8 weeks is very young for these pups... I hope you can figure out something that works for all of you! Please keep in mind that your pup will be comparable to a little baby... who needs and thrives on your love!


----------



## Charleysmom (Dec 6, 2011)

krandall said:


> Kodi has slept down stairs in his ex-pen with crate attached since we first brought him home 3 years ago. For the first two weeks, my son and I alternated sleeping on the couch near him, just to be a comforting presence. From that point on, he has slept downstairs and we sleep up. By now, he WANTS to sleep in his crate. He comes up and snuggles with us in the evening, but then he ASKS to be taken down to bed.


I've actually wondered if sleeping with/without affects the bond between me and Charley.
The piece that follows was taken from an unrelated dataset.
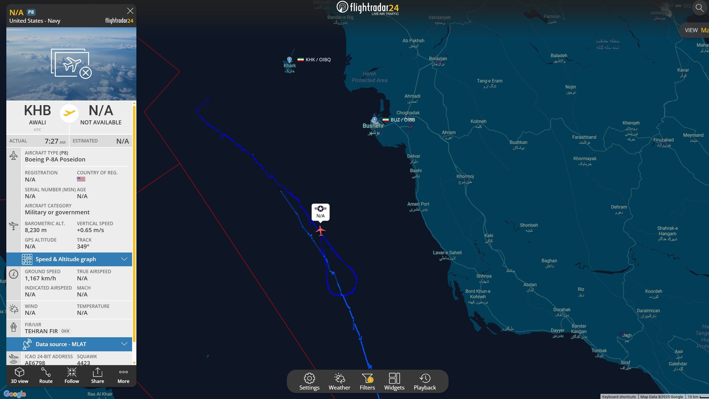 The unusual P-8 Poseidon flight over the Persian Gulf was picked up by Flightradar24 and several other aviation tracking websites. The large reconnaissance plane flew close to the coast of Bushehr, but didn’t violate Iranian airspace at any moment.

He was sleeping with me for a while but then there was an "accident" and I haven't had him in the bed since. Sounds crazy but will he love me less or be unhappy either sleeping downstairs or in his crate by the bed? I'm wondering what the best option is. I read your message about not depriving doggie of water and since then, I have been concerned.


----------



## Charleysmom (Dec 6, 2011)

I put Charley in his crate on a chair next to the bed when he first came home. He had already slept in a crate and so he was used to it but I think it's good especially when your puppy first comes home to keep him as close to you as you can. I'm allergic to shedding dogs as well but have absolutely no problem with Charley. Anyway, since he's just left his own little family, it's even more important that he's near you his new family.


----------



## Ecf1216 (Jun 3, 2012)

Thank you all so much for your feedback! It sounds like the general consensus is to let the puppy sleep close to us, as I expected. But I'm glad to hear some of you have had success with your dog sleeping in another room. We will probably put him in his crate in the family room at bedtime and sleep near him on the couch for a few (?) nights. Then we'll try sleeping upstairs with him downstairs and see how it goes. I'm thinking it will be much easier to bring him into our room than it will be to move him out if it's not working!


----------



## lise (Sep 1, 2006)

*Sleeping*



Ecf1216 said:


> Thank you all so much for your feedback! It sounds like the general consensus is to let the puppy sleep close to us, as I expected. But I'm glad to hear some of you have had success with your dog sleeping in another room. We will probably put him in his crate in the family room at bedtime and sleep near him on the couch for a few (?) nights. Then we'll try sleeping upstairs with him downstairs and see how it goes. I'm thinking it will be much easier to bring him into our room than it will be to move him out if it's not working!


I think with these puppys its up to the puppy. Ted loves his pen in the kitchen. I have an open crate with a pad thats covered in a pillowcase since its hot. I also have a pad right outside of it for him to lounge on and then he also has the cool tile floor. The pen is right in my kitchen/family room so he is where everone is all day. He has slept through the night til about 5:30 everynight except for the first when I tried him in the crate beside me. If it were cold it may be a whole different ballgame. For now he is very content to be in there.(he has definately bonded with me too, follows me everywhere I go including the bathroom!)


----------



## BennyBoy (Apr 25, 2012)

I bought a second crate for my bedroom and Benny sleeps up there. He slept great right from the beginning (8 weeks). Now, at 5 months, he is still in there - happy as can be


----------



## Charleysmom (Dec 6, 2011)

lise said:


> Ted also sleeps in his open crate which is in his pen in the kitchen.There is a pee pad in it but he never uses it. He goes outside. Like I have mentioned before, I really think he prefers the cool tile floor to my warmer,carpeted room. He really doesn't like the heat! If he wants to sleep with us its ok but right now he is so tiny, I wouldn't sleep all night thinking he might fall off the bed.


Ted is so adorable. Is that him on a pile of oranges?? So cute.


----------



## lise (Sep 1, 2006)

Fake lemons


----------



## Charleysmom (Dec 6, 2011)

lol!


----------